原文 · 未翻译
Turing Award winner Richard Sutton says pure generative AI can't do real science
Turing Award winner Richard Sutton argues that ordinary generative AI lacks a key ability for scientific discovery: it can't evaluate and develop its own results.
Large language models, image generators, and video models learn from massive amounts of examples and produce outputs that resemble them. According to Sutton, when these outputs are good, it's usually thanks to the source material: the texts, images, or data the model learned from. When the outputs are truly novel, they go beyond that material. For factual queries, that's called hallucination.
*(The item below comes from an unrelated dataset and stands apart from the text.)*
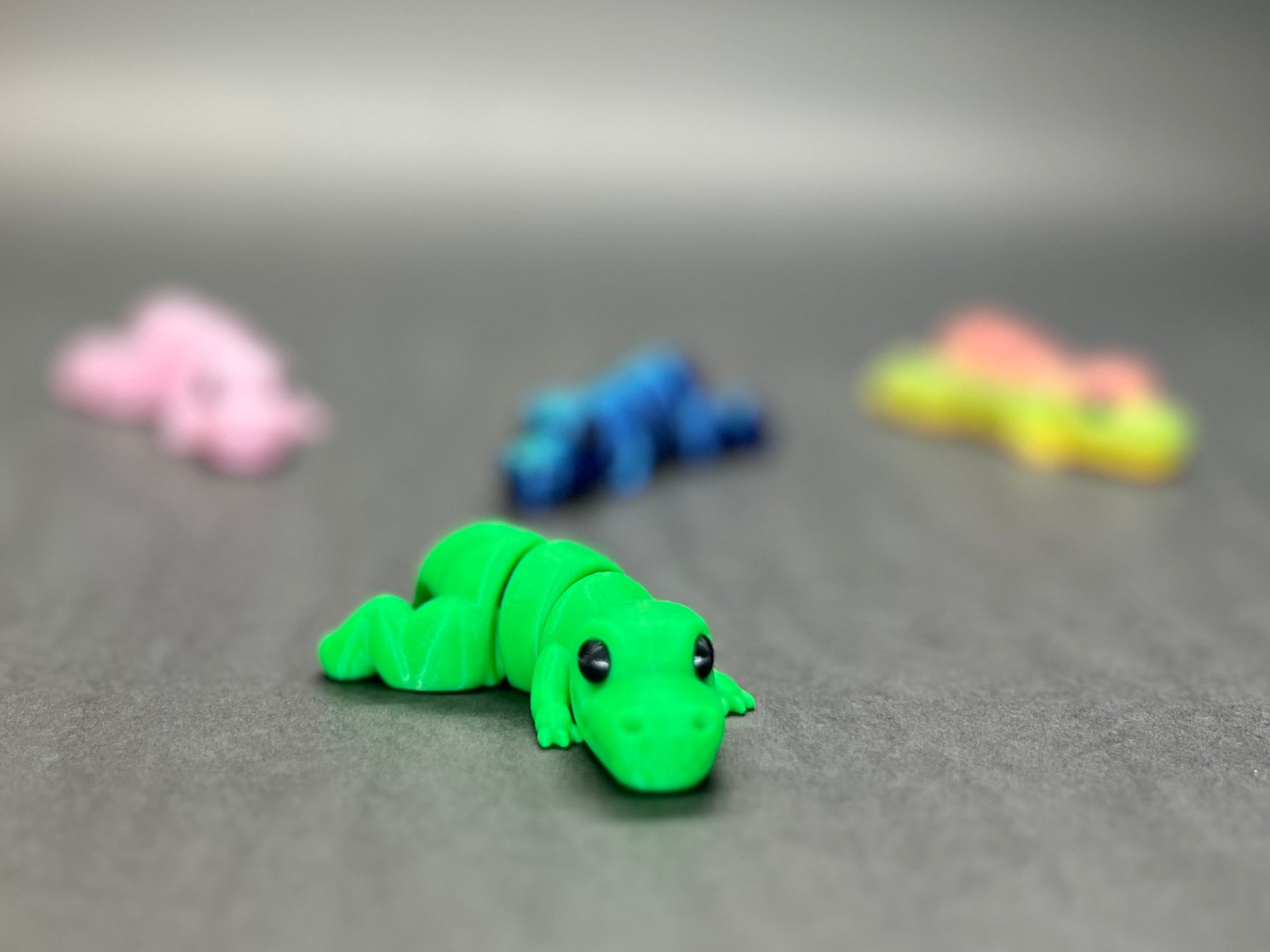 - Color: Vibrant green body with black eyes, bringing a playful and friendly feel to this miniature dino. Custom colors are available upon request!
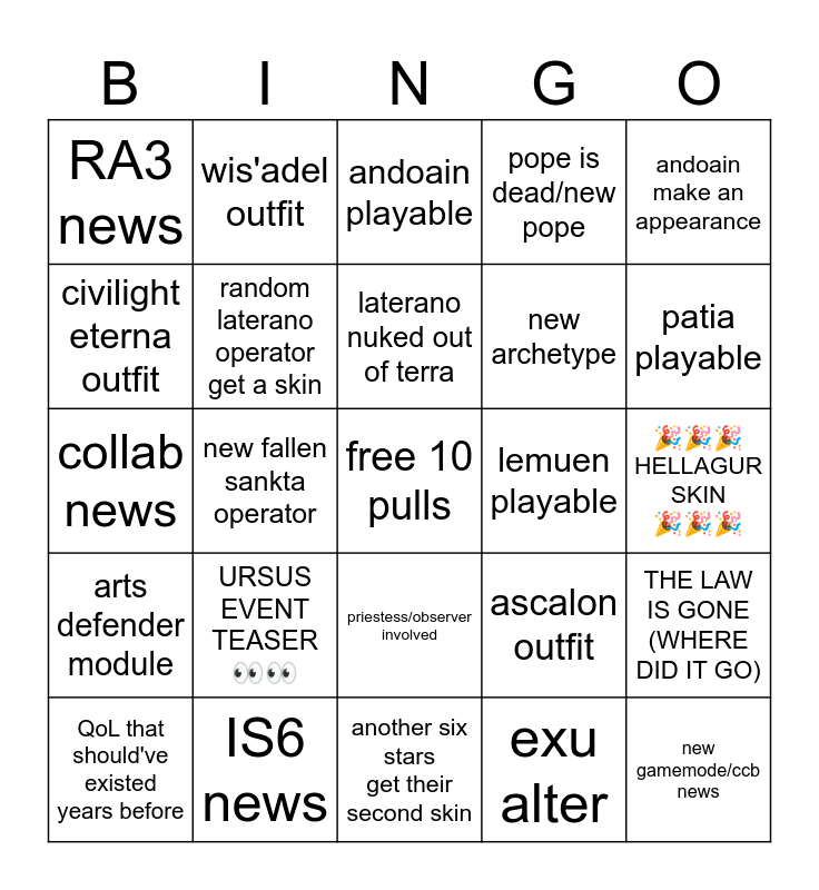 This bingo card has a free space and 24 words: URSUS EVENT TEASER 👀👀, IS6 news, laterano nuked out of terra, QoL that should've existed years before, andoain make an appearance, RA3 news, civilight eterna outfit, wis'adel outfit, lemuen playable, priestess/observer involved, new archetype, collab news, ascalon outfit, THE LAW IS GONE (WHERE DID IT GO), random laterano operator get a skin, exu alter, 🎉🎉🎉 HELLAGUR SKIN 🎉🎉🎉, andoain playable, patia playable, new fallen sankta operator, new gamemode/ccb news, arts defender module, pope is dead/new pope and another six stars get their second skin.

Sutton illustrates his critique with an old researcher's joke: "This work is both novel and good. Unfortunately, the parts that are good are not novel, and the parts that are novel are not good." That diagnosis fits large parts of today's generative AI, Sutton says. It can mimic useful things or randomly produce new things, but it can't tell on its own which new ideas are actually good.
Sutton doesn't deny that generative AI can be useful for summaries, research, assistants, or entertainment. Novelty often isn't even the goal: a summary shouldn't invent new facts, and research shouldn't sneak in extra claims. "Generative AI can be extremely useful, even when it just mimics, if it is faster, or cheaper, or smaller, or more customizable, or more copy-able, than the thing being mimicked," Sutton says.
Imitation falls short for science
In Sutton's view, this boundary matters most for science in general, where the point isn't to reproduce what's already known but to discover new things, test them, and turn them into lasting knowledge.
Sutton describes genuine discovery as a three-step process: variation, evaluation, and selective retention. A system has to generate different options, test them, and keep using the approaches that work. Sutton says this principle exists in evolution, in the scientific method, in planning, in search, and in reinforcement learning.
What pure generative AI lacks most is evaluation. Language and image models do generate different variants. But without testing, there's no selection of the best and no discovery. "The novelty flickers into existence, but if its value is unrecognized, it flickers away and is lost," Sutton says.
Evaluation can come from humans, for example, when users pick the best image from several AI-generated options. But it can also come from a clear goal: a checkmate, a formally valid proof, a successful program run, or a high reward in a simulated environment. Only that kind of feedback turns mere generation into a search and discovery process.
AlphaGo, AlphaFold, and Claude Code show the difference
Sutton says some AI systems that go beyond pure generative AI are already "capable of true creativity and true discovery." He points to examples like AlphaGo with its famous move 37, AlphaZero with its unique chess style, AlphaFold in protein structure prediction, AlphaProof in math, Claude Code in programming, and GT-Sophy in simulated racing.